In response to these proprietary and complex protocols, a number of people in the Internet community have created SOAP, the Simple Object Access Protocol, that makes it extremely easy to create distributed applications. Two of the biggest proponents of SOAP have been Dave Winer (famous for his Scripting News “weblog”) and Microsoft, which is not usually associated with open standards and cross-platform protocols. Regardless of what we in the Linux community might think, Microsoft has publicly embraced SOAP, making it a cornerstone of its .NET effort.

SOAP History and Concepts

SOAP depends on the idea that any two computers on the Internet can communicate using HTTP, the protocol that powers the Web. (Actually, SOAP can be transmitted over nearly any high-level protocol, including SMTP and POP3, but HTTP is by far the most common.) It then transmits information using XML, the markup language that allows us to create tags and document standards. The server turns the incoming XML into an object method call, and then turns the object's response into an XML document that is returned as the HTTP response. Since both HTTP and XML are open standards, published by the World Wide Web Consortium, they can be (and are) implemented on a variety of platforms and, thus, interact without any trouble.
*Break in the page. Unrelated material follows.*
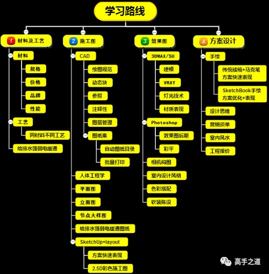 学习室内设计,修炼内功,没有捷径可走!该磕书磕书,该买教程买教程。现在太多的培训机构,为了营销宣传上的方便,只注重「形而下之」的软件技法教学或鼓吹,未深入到室内设计「形而上之」之道的根本。知识零散碎片不成体系,导致很多设计师学后提升很小甚至迷茫和困惑! 其实,设计思维能力培养才应该是学习的重点!只有具备了专业的室内设计思维后,你看待事物的方式才会改变,设计也就有据可循。比如你必须要学会:了解户主的生活,及行为习惯,来为后续设计的取舍留下依据。比如,懂得人体工程学的经验数据的计算方式,来指导你规划功能区间的布置。这是一整套的解决房屋宜居、 舒适的思维逻辑。只要解决了为什么要这么设计的问题,接下来的工作自然水到渠成,难道不是么? 学习室内设计的路线图 首先熟悉装修工艺及材料 室内设计的基装元素是建立在基础材料之上的,若不熟悉材料、工艺,室内设计也无从谈起,所以施工工艺以及材料这部分知识,是必学的第一重要的知识硬货。 搞定了水电气、天花吊顶、电视墙、地板砖等这些基础设施后,对于不同风格的软装搭配的学习更应该长期跟进。 其次才是软件技法 软件技法的修炼(CAD、3DMax或SU),在有了一定材料和施工工艺的知识累积后,可逐项的去丰富你的设计理论、拓展设计周边的文化知识。比如艺术简史 、风土人情、软装搭配等方面的知识,这都是能为你做好室内方案设计开阔思路的点。 简而言之,无论你是买书来自学,或是购买网络教程,您都可以参考下面的自学路线,来系统学习室内设计,自学期间要以效率为王、坚持耐力为本,正所谓耐得住寂寞才能守得住繁华! 最后必须懂得室内方案设计 通过这一模块知识的学习,其首要目的是建立必要的室内设计思维,要掌握:宅数据分析,住宅空间原理、人体工程学原理、科学风水、空间布置划分、不同装修的风格的特征等知识点。

The predecessor to SOAP, known simply as XML-RPC, provided a simple mechanism for remote procedure calls (RPC) using data formatted in XML and transmitted over HTTP. For a variety of reasons, including the fact that XML-RPC could not handle advanced data structures, the W3C adopted SOAP.

A number of languages and platforms continue to support XML-RPC, and it's possible that some situations might call for its use because it has a smaller overhead. Practically speaking, however, the fact that SOAP has gotten so much attention has led to the development, use and debugging of its libraries to a much greater extent than those for XML-RPC. As of this writing, however, there are more implementations of SOAP than XML-RPC, meaning that your choice of platform or language might force your hand toward one protocol or the other.

SOAP, as its name implies, expects to work with objects rather than simple procedure calls. Thus, SOAP client invokes a method on a particular object on the server. The method is specified in the body of the XML document itself, while the object with which it is associated is named in an HTTP “SOAPAction” header. Of course, we also need to specify a computer name and port to which the SOAP request can be directed.

The server itself, including its name and the port number on which the SOAP request is transmitted, is known as the SOAP proxy. This makes sense when you consider that the HTTP server is simply relaying an object method invocation and isn't doing any of this work by itself. Do not confuse the SOAP proxy with an HTTP proxy. An HTTP proxy relays requests from an HTTP client to an HTTP server and often performs security checks and caching. A SOAP proxy, by contrast, relays messages between a SOAP client and an object on the proxy's computer.

The object for which the SOAP server acts as a proxy is sometimes known as the endpoint and is specified in a “SOAPAction” HTTP header. The name of the endpoint can be virtually any text string, including hierarchy separators such as :: and /. In practice, the endpoint has a direct connection to the object hierarchy associated with the language in which the SOAP proxy is written. In Perl, the endpoint might be something like “Foo/Bar”, which refers to the Foo::Bar object located in the file Foo/